Außerdem benötigt man für eine Doppelsalzfällung einen ganz speziellen Kalk, der normale Weinentsäuerungskalk funktioniert nicht. Des Weiteren: "Reinschütten" hilf nicht, da sich die besagten Doppelsalzkristalle nur bilden, wenn man den Wein in kleinen Mengen in einen zubereiteten Kalkteig gibt. Der Kalkteig bildet dann
Keim-Doppelsalzkristalle, die die weitere Kristallbildung im nach und nach zugegebenen Wein anregen. Das Ganze funktioniert nur mit einem guten Misch/Rührwerk und nur bei pH-Werten über 4,5 wobei letzteres wohl das geringste Problem sein dürfte.
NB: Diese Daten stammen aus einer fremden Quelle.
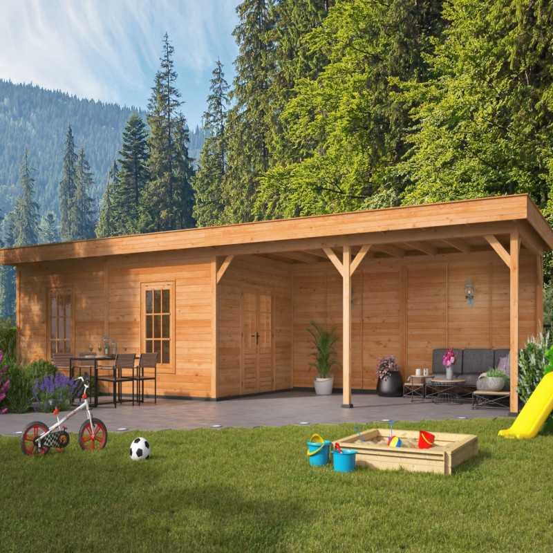 Přístřešek Oslo 11 XL je prodloužená verze základních stavebnicových zahradních přístřešků s rovnou střechou. K přístřešku je přistavěna prostorná místnost o rozměrech 348 x 596 cm. Vchází se do ní dvoukřídlými dveřmi, které jsou prosklené a společně se dvěma okny na levé stěně tak dovnitř vpouští dostatek světla. Okna a dveře jsou z neimpregnovaného smrku a skla jsou vyztužena dřevěnými latěmi. Místnost skvěle poslouží na uložení jakýkoliv věcí. Na opačné straně je stěna doplněna o elegantní plůtek. Vnější rozměry přístřešku jsou 1303 x 438 cm. Vnitřní prostor přístřešku je vytyčen sloupy z modřínu o čtvercovém průřezu 14,5 x 14,5 cm a má rozměry 1265 x 430 cm. Na střechu jsou použity rýgle o průřezu 14,5 x 4,5 cm, které jsou dostatečně pevné i pro těžký napadaný sníh, což bývá u rovných střech problém. Přístřešek je dodáván se střešní krytinou, takže se nemusíte bát, že by vám kapala voda za krk.

Und nicht zu vergessen sollte der Wein-Ansatz noch nicht geschwefelt sein, weil durch die Entsäuerung auch ein Teil der Schwefelung entfernt wird. Und den genauen Gehalt an Schwefel festzustellen bedarf mindestens eines Testkits für SO2. Nach dieser Entsäuerung kann in der Folgezeit immernoch Trub ausfallen.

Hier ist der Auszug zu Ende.